Import necessary libraries



In [28]:

    
import numpy as np
import pandas as pd

import matplotlib.pyplot as plt
import seaborn as sns 

import os
import glob

import SimpleITK as sitk

from PIL import Image

from scipy.misc import imread

%matplotlib inline
from IPython.display import clear_output
pd.options.mode.chained_assignment = None

Let us import annotations



In [2]:

    
annotations = pd.read_csv('../src/data/annotations.csv')
candidates = pd.read_csv('../src/data/candidates.csv')



In [3]:

    
annotations.head()









    Out[3]:






  
    
      
      seriesuid
      coordX
      coordY
      coordZ
      diameter_mm
    
  
  
    
      0
      1.3.6.1.4.1.14519.5.2.1.6279.6001.100225287222...
      -128.699421
      -175.319272
      -298.387506
      5.651471
    
    
      1
      1.3.6.1.4.1.14519.5.2.1.6279.6001.100225287222...
      103.783651
      -211.925149
      -227.121250
      4.224708
    
    
      2
      1.3.6.1.4.1.14519.5.2.1.6279.6001.100398138793...
      69.639017
      -140.944586
      876.374496
      5.786348
    
    
      3
      1.3.6.1.4.1.14519.5.2.1.6279.6001.100621383016...
      -24.013824
      192.102405
      -391.081276
      8.143262
    
    
      4
      1.3.6.1.4.1.14519.5.2.1.6279.6001.100621383016...
      2.441547
      172.464881
      -405.493732
      18.545150



In [4]:

    
candidates['class'].sum()









    Out[4]:





1351



In [5]:

    
len(annotations)









    Out[5]:





1186

Candidates have two classes, one with nodules, one without



In [6]:

    
candidates.info()









    



<class 'pandas.core.frame.DataFrame'>
RangeIndex: 551065 entries, 0 to 551064
Data columns (total 5 columns):
seriesuid    551065 non-null object
coordX       551065 non-null float64
coordY       551065 non-null float64
coordZ       551065 non-null float64
class        551065 non-null int64
dtypes: float64(3), int64(1), object(1)
memory usage: 21.0+ MB



In [7]:

    
print len(candidates[candidates['class'] == 1])
print len(candidates[candidates['class'] == 0])



In [8]:

    
import multiprocessing
num_cores = multiprocessing.cpu_count()
print num_cores

Classes are heaviliy unbalanced, hardly 0.2% percent are positive.
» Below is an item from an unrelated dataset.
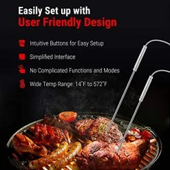 - Dual probe for food and BBQ: Meat thermometer oven safe with highly accurate stainless steel meat probe and oven/ grill/ smoker temperature probe, to allow you to monitor both food and ambient temperature simultaneously, making the smoker thermometer especially suitable for long smokes or grilling sessions
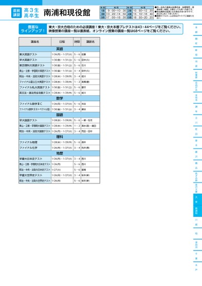 本郷麹町新宿池袋秋葉原自由が丘吉祥寺調布立川町田厚木藤沢横浜あざみ野金沢文庫大宮南浦和川越柏津田沼千葉水戸南浦和現役館講座名日程時限講師名英語東大英語テスト早大英語テスト1/26(月)・1/27(火)5・6加藤1/30(金)・1/31(土)5・6田中(久)東京理科大英語テスト1/30(金)・1/31(土)5・6石川青山・立教・学習院大英語テスト1/30(金)・1/31(土)3・4田中(久)明治・中央・法政大英語テスト1/28(水)・1/29(木)3・4成川ファイナル国公立大英語テスト1/28(水)・1/29(木)1・2髙橋(慶)ファイナル私大英語テスト1/30(金)・1/31(土)5・6護守英文法・語法完全攻略テスト1/28(水)・1/29(木)5・6成川数学ファイナル数学ⅢC1/26(月)・1/27(火)5・6刈谷ファイナル数学(ⅡB+ベクトル型)1/30(金)・1/31(土)3・4瀬谷国語早大国語テスト1/28(水)・1/29(木)5・6一瀬・佐河青山・立教・学習院大国語テスト1/28(水)・1/29(木)1・2清水(直)・福田明治・中央・法政大国語テスト1/26(月)・1/27(火)3・4荒田・田中理科ファイナル物理ファイナル化学1/28(水)・1/29(木)5・6酒井1/26(月)・1/27(火)3・4向井(勇)地歴早慶大日本史テスト1/26(月)・1/27(火)3・4西川青山・立教・学習院大日本史テスト1/26(月)明治・中央・法政大日本史テスト1/27(火)5・6西川5・6富増早慶大世界史テスト1/26(月)・1/27(火)3・4坂本(新)明治・中央・法政大世界史テスト1/26(月)5・6坂本(新)

The best way to move forward will be to undersample the negative class and then augment the positive class heaviliy to balance out the samples.

Plan of attack:

Get an initial subsample of negative class and keep all of the positives such that we have a 80/20 class distribution
Create a training set such that we augment minority class heavilby rotating to get a 50/50 class distribution



In [9]:

    
class CTScan(object):
    def __init__(self, filename = None, coords = None):
        self.filename = filename
        self.coords = coords
        self.ds = None
        self.image = None

    def reset_coords(self, coords):
        self.coords = coords

    def read_mhd_image(self):
        path = glob.glob('../data/raw/*/'+ self.filename + '.mhd')
        self.ds = sitk.ReadImage(path[0])
        self.image = sitk.GetArrayFromImage(self.ds)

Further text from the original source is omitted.